Porsches, Segways, and Payback
By Estevan Vega
What’s the first thing you think of when you think of being a published author? Is it the expense account? Is it the Porsche you think you’ll get based on your spot on the NYT Bestseller list? Well, if the published author that first comes to mind is James Patterson, then yes, what I mentioned is the kind of life I imagine he lives. Though, at his age, he’s probably not driving around in a fancy sports car but rather getting around via Segway. Sorry, James, if that is your real name.
You see, it’s all about façades. And that’s what the publishing industry has become, until now. The cover, the fake. Ever since we were toddlers, we were warned not to judge a book by its cover, but that’s the first thing we do, isn’t it? If there’s a cool preview for a movie, we’ll shell out the cash for it, even if said blockbuster sucks. The reason: the preview looked cool. But it’s a façade. And when we used to hear the word ‘author,’ it connoted perspectives of wealth and thoughts of voracious readers following your career. Oh, and that expense account, or that cruise to Cancun. But the life of an author has evolved into something radically different, and the even deeper change is coming.
Let’s rewind just ten years. The author’s life and the writing industry as a whole are quite stable. The obvious decline of printed book sales in recent years, however, particularly recent months, has staggered. No one might have believed that this change, this evolution in what we all once believed to be a secure industry, could suffer such a drastic shift. But it’s not complete suffering; it’s enduring. The book industry will change, is changing, and will evolve. In fact, in the last few months, I have grown more independent in my thoughts, and my opinions about pursuing an independent publishing career is shifting. There is a perspective of change blooming. And it’s mind-blowing. But you may or may not be ready for it.
Bookstores surely aren’t. Publishers aren’t either. But authors are.
I’ve been writing now for more than ten years, and I’ve been published since 2004. With three novels under my belt and a recent collection of short stories self-released, I am still a far cry from that James Patterson segway account…excuse me, expense account. Unlike him, I didn’t rake in seventy million dollars last summer. Unlike him, I don’t have the millions of fans. But I don’t have to constantly win everyone’s approval either. I have discovered that being free from these traditional sharks, while scary, is also quite liberating. Now, before 2011, I believed I had made all the right moves. I wrote a good book. I had a creative edge. I knew my genre. I wrote the query letters. Self-promoted. Toured. I sold out at book stores. Conversed with directors and Hollywood producers. Booked my own rock show. I got myself a literary agent too. But after all that…care to know what happened? Nothing. A few bites on my ARSON series from major houses, but ultimately, nothing. The literary industry is evolving, and it’s evolving quicker than I ever imagined. Gone are the days where an author can write a good book and have it picked up by a publisher. The competition is fiercer and greedier than ever and the big houses are crapping bricks…and many authors are suffering.

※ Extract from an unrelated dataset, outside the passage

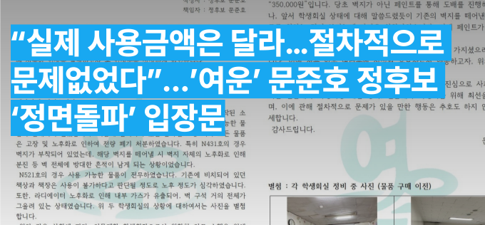 문준호 정후보 “실제 사용 금액은 책상 14만 원, 벽지 35만 원…심각한 학생회실 상태 때문” “진실된 후보자로 행동하고자 사실관계 밝혀…물의를 블러일으킨 데에는 진심으로 사과드린다”

Or are they? What if you could write whatever you wanted? What if you could give your book its own chance to succeed? What if you could stop begging for everyone’s approval and do exactly what it is you do: write? Wouldn’t that be liberating? Wouldn’t that free your mind?
Well, for me, it’s been amazingly liberating and amazingly terrifying. It’s a new world out there. But we’re ready for it, because it allows for so much freedom. I can have a killer cover designed and have it look exactly the way I want it. Judgments allowed. But forget about what some uptight sales person thinks will sell, someone who will probably never get around to reading my work. I can hire my own personal editor. And I can upload my work to the internet free of charge. Isn’t it remarkable that I can control my own future as an author? I may not have that million dollar expense account, but not many do anyway. Much like there are only six major publishing houses that “control” the market, so there are very few big-name authors who control the consumption. Or at least, that’s how it used to be. WHEN COLORS BLEED is my latest experiment. My beginning. My evolution from traditional house suck-up to fed-up author with something to say. If you’re an author, forget about what the industry is telling you. Forget about their obsession with printed books. It’s hard, I know, because we’ve been force-fed it for years. You might not think you’re legit if you publish digitally, but you are. Forget about losing your faith because no one will take a shot on your book. There are many, many authors—dreamers—who are forging a new destiny, independently, and changing the future of the writing world.
Pull your Porsches over…save the gas. And put your Segways in the garage. Because what might be offered here is not an opportunity to ride both, but to see past the future. Go ahead, drop $0.99, and read the collection of short stories in my new release WHEN COLORS BLEED, and when it’s all done, you be the judge. Tell me it’s not legit, not professional. Tell me it’s not real. Oh, and yeah, tell me the market isn’t changing. Now let’s watch the ripples spread.
Thanks, Estevan, for joining me on my blog. I always love to hear the different opinion about the changes in the literary world.